I live in Thailand, and have had an idea to manufacture foosball tables. Started by visiting a factory and buying 10 sets of foosball parts. Building the cabinet I will have to do by myself.

Due to high taxes, most power tools cost 2-3 times more here than the States, so because I travel a lot, I bring them over in my suitcase when I can.

Brought this DeWalt 744 and Vega rip fence, then built a big table to handle large stock.










I have ordered custom 'playfields' from Formica of Thailand. They have a soccer field image printed on 6mm phenolic. I then used 3M 5200 adhesive to bond the phenolic to 1.5" of plywood. 










OOOPS! Even though I wanted this to be my first foosball table I bungled the plans. The playfield will sit under the sidewalls, reducing the playing surface by 4cm. This one is too narrow to use for a foosball table, but I'll finish it to get some experience building the cabinet.

I used the Kreg jig. Talk about easy to use!










This was my first real routing. In the future I'll use a jigsaw to rough cut, then clean up the edges with the router. I'm really pleased with the results I got routing out the goals, and ball retrevial holes.
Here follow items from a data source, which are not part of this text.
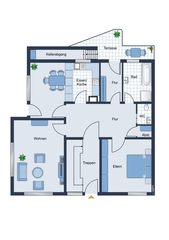 Links neben dem Bad führt ein weiterer Flurdurchgang zur Terrasse, die süd-westlich ausgerichtet ist. Hier können Sie die Abendsonne genießen.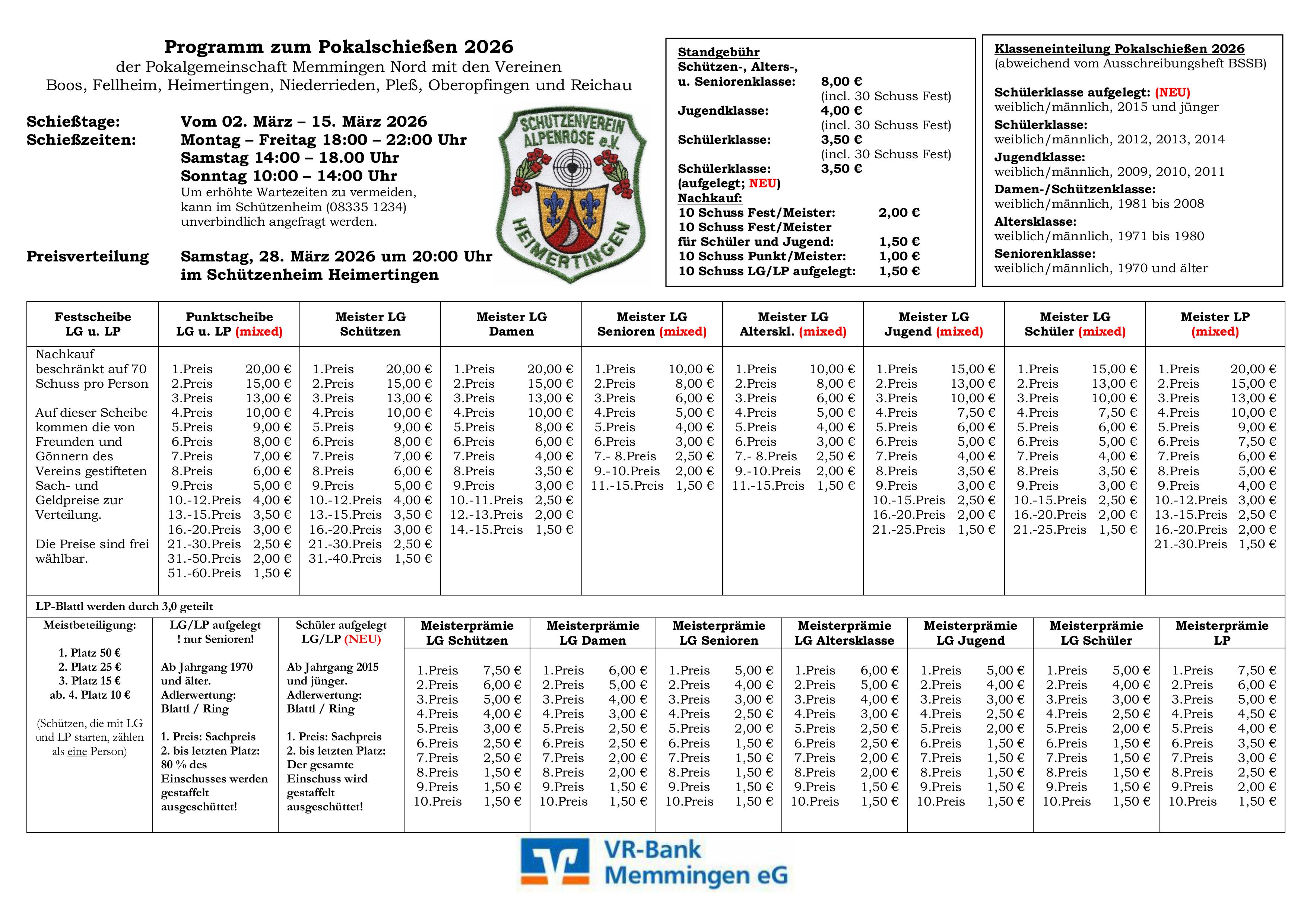 Wir sind Mitglied im Bayerischen Sportschützenbund und im Gau Memmingen, bzw. dem Bezirk Schwaben überörtlich organisiert. Unsere Vereinsräume sind seit 1967 im Kellergeschoss der Turnhalle in der Ortsmitte zu finden. Bei uns können die Waffenarten Luftgewehr, Luftpistole, CO2 Waffen und Zimmerstutzen geschossen werden. Für das Schießtraining steht eine Reihe von unterschiedlichen Vereinswaffen zur Auswahl. Eigene Waffen können jederzeit ebenfalls genutzt werden, sofern sie den Bestimmungen entsprechen und die notwendigen Waffenbesitzkarten vorhanden sind. Für die Unterweisung und Beaufsichtigung unserer Jung- und Altschützen steht ein kompetentes Team mit den entsprechenden Übungsleiter- und C-Trainerlizenzen sowie ausgebildetes Standaufsichtspersonal bereit. Ab einem Alter von ca. 8 Jahren kann man bei uns mit dem Lichtgewehr oder Blasrohr aktiv werden. Ab zwölf Jahren dürfen unsere Jungschützen dann mit Druckluftwaffen und Projektil das Sportschießen trainieren.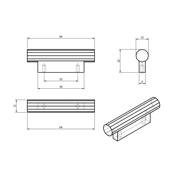 Ручка мебельная Line, 32мм, анодированный матовый черный
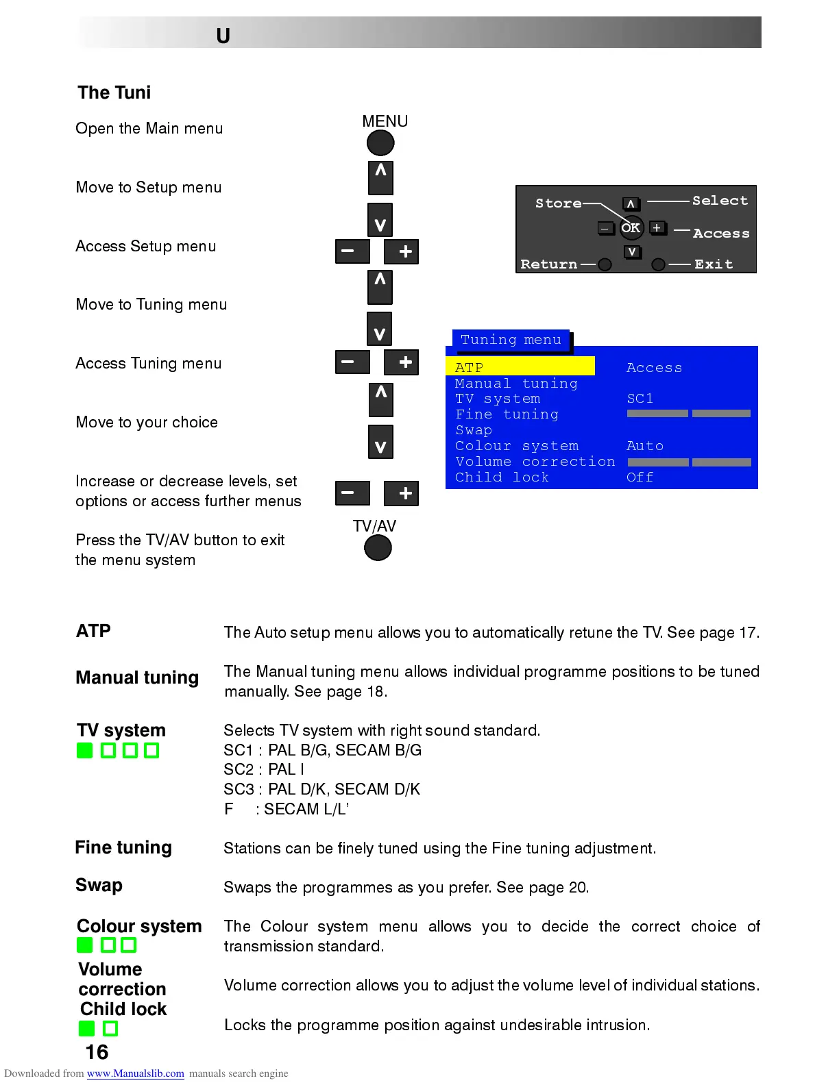 7KH $XWR VHWXS PHQX DOORZV \RX WR DXWRPDWLFDOO\ UHWXQH WKH 79 6HH SDJH

I used the 5200 adhesive for the sidewalls, too. I was worried about getting the pieces placed perfectly with contact cement.










Clamping jigs will have to be made before the next table.










I was in a big time crunch, had to leave the next day for work ( I'm a merchant sailor West Coast USA). So I couldn't spend a lot of time finishing the table. 












Didn't have time for any legs lol.

All in all my first project was a partial success. My woodworking skills are pretty crude, but I was able to cut and put together about 10 pieces and they all fit very well. I need better systems for project plans, clamping, and finishing.










One nice surprise is how well the table plays. We use a urethane foosball with air hockey mallets. The ball rockets around the table, but doesn't jump out. This could be a great project for any small kids or grandkids.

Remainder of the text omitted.